Mas, mesmo sem a seleção, o trabalho deixou uma consequência que não aparece em uma premiação: a experiência de fazer pesquisa passou a fazer parte da trajetória das estudantes.
Eduarda hoje cursa Odontologia, e Valéria pretende seguir uma formação na área de estética. Para as duas, a principal mudança provocada pelo projeto foi a percepção de que uma pergunta surgida dentro de casa ou na escola pode se transformar em uma investigação.
“Acho que o aprendizado é acreditar. Sempre acreditar que uma hora dá certo”, diz Valéria.
Ciência na escola não é só laboratório
A história de Guanambi também ajuda a mostrar que a iniciação científica na educação básica não depende necessariamente de uma estrutura de universidade dentro da escola.
O ponto de partida pode ser uma pergunta feita pelo estudante. O que faz diferença é o processo: buscar informações, formular hipóteses, testar ideias, registrar procedimentos, analisar resultados e reconhecer os limites daquilo que foi descoberto.
Esse tipo de atividade também faz parte de políticas federais de incentivo à educação científica.
O Conselho Nacional de Desenvolvimento Científico e Tecnológico (CNPq), por exemplo, mantém o Programa de Iniciação Científica Júnior (ICJ), voltado a estudantes da educação básica, especialmente da rede pública. A iniciativa busca despertar vocações científicas e permitir a participação de alunos em atividades de pesquisa científica ou tecnológica sob orientação de pesquisadores.

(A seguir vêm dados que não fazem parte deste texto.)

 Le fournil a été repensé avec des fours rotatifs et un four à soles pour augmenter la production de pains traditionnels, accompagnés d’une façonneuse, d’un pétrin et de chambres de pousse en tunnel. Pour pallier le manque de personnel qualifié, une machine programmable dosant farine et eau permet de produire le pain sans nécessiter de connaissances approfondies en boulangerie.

Outra frente federal é o programa Mais Ciência na Escola, desenvolvido pelo Ministério da Ciência, Tecnologia e Inovação (MCTI), em parceria com o Ministério da Educação e o CNPq. O programa busca ampliar a educação científica e tecnológica nas escolas públicas, com laboratórios maker, formação de professores e atividades de investigação. Em 2025, a previsão anunciada pelo governo federal era chegar a 2 mil escolas participantes; a Bahia estava entre os estados contemplados, com 90 escolas na etapa então existente do programa.

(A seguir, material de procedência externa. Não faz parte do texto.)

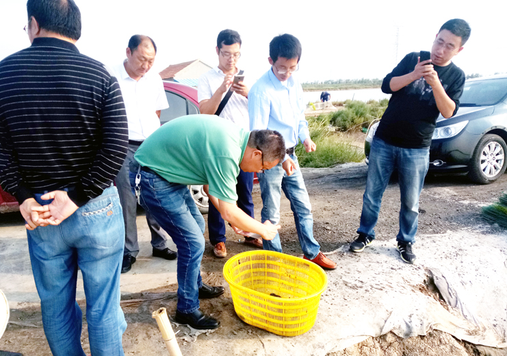 9月28日下午,在灌云县海洋渔业局朱局长陪同下,中科院海洋研究所张涛教授等专家一行来灌西投资公司海水养殖区域考察美国硬壳蛤(四不像)等养殖产品的养殖情况。 在承包户程恩军池塘处,张涛教授详细了解美国硬壳蛤的投放量、产量以及生长情况。提出能否把硬壳蛤生长期由二年缩短为一年,提高贝类单产效益;以及在贝类加工方面取得突破,共同把美国硬壳蛤产业做大、做强等建议,促进海水养殖的整体效益提升,从而带动灌西投资公司水产养殖业的良性发展。(养殖服务公司宣)
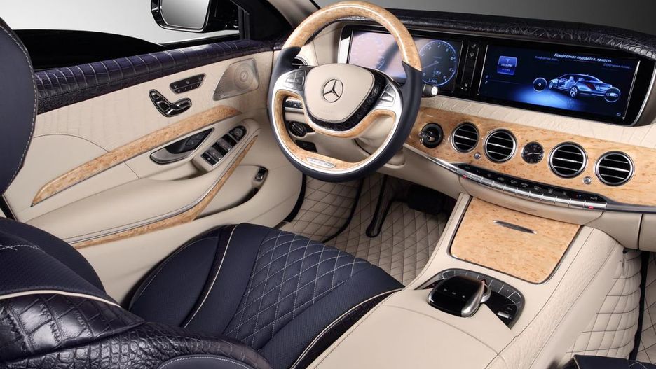 Rosyjski TopCar zmodyfikował wnętrze limuzyny. W kabinie dominują dwa kolory: beżowy i granatowy. Do wykończenia użyto m.in. skóry krokodylej i Nappa.

Em 2026, o CNPq também lançou uma chamada específica para apoiar feiras de ciências e mostras científicas em todo o país. O edital prevê ações ao longo do ano letivo voltadas à iniciação científica, à investigação e à formação de estudantes e professores da educação básica.
Na Bahia, há ainda iniciativas estaduais de incentivo à educação científica. Segundo o secretário estadual de Educação, Marcius Gomes, a rede mantém ações nessa área e pretende ampliar mecanismos de apoio a projetos desenvolvidos por estudantes.
“Hoje, a Bahia tem liderado esse protagonismo que envolve a educação científica a nível nacional. Nos últimos eventos que acontecem anualmente na nossa rede, são submetidos mais de 2.000 trabalhos científicos distribuídos em todos os territórios baianos; trabalhos esses que são muito vinculados às vocações territoriais, aos problemas locais e que fazem parte do cotidiano da escola pública da Bahia”, detalha.
Uma pergunta que começa na escola
Eduarda e Valéria utilizaram tomate-cereja como objeto de estudo para tratamento de acne.
Arquivo pessoal
Atualmente, Valéria, Eduarda e a professora Elizângela sonham com uma oportunidade de estudar mais a fundo as propriedades dermatológicas do tomate-cereja e com a possibilidade de patentear uma fórmula.
Mas, mesmo sem essa conquista, elas consideram que o projeto já é um sucesso. Para elas, essa pesquisa mostra o que pode acontecer quando uma dúvida pessoal encontra uma professora disposta a transformá-la em pergunta científica. O que começou como uma dica ancestral e uma tarefa para conseguir nota virou uma experiência de pesquisa, com leitura, testes, registros, frustrações e aprendizado.
Elas concluem que é esse percurso — e não apenas o produto final — que faz da iniciação científica uma ferramenta de aprendizagem.
Para Eduarda, a experiência também mudou a forma como ela enxerga o esforço necessário para estudar.
“O que começou apenas como a busca por uma nota foi além disso. Tivemos a oportunidade de pesquisar e aprofundar nossos conhecimentos. Tivemos apoio da professora que nos orientou. E isso mostrou que é importante ter interesse e correr atrás, porque o estudo é a única coisa que a gente tem”, conclui.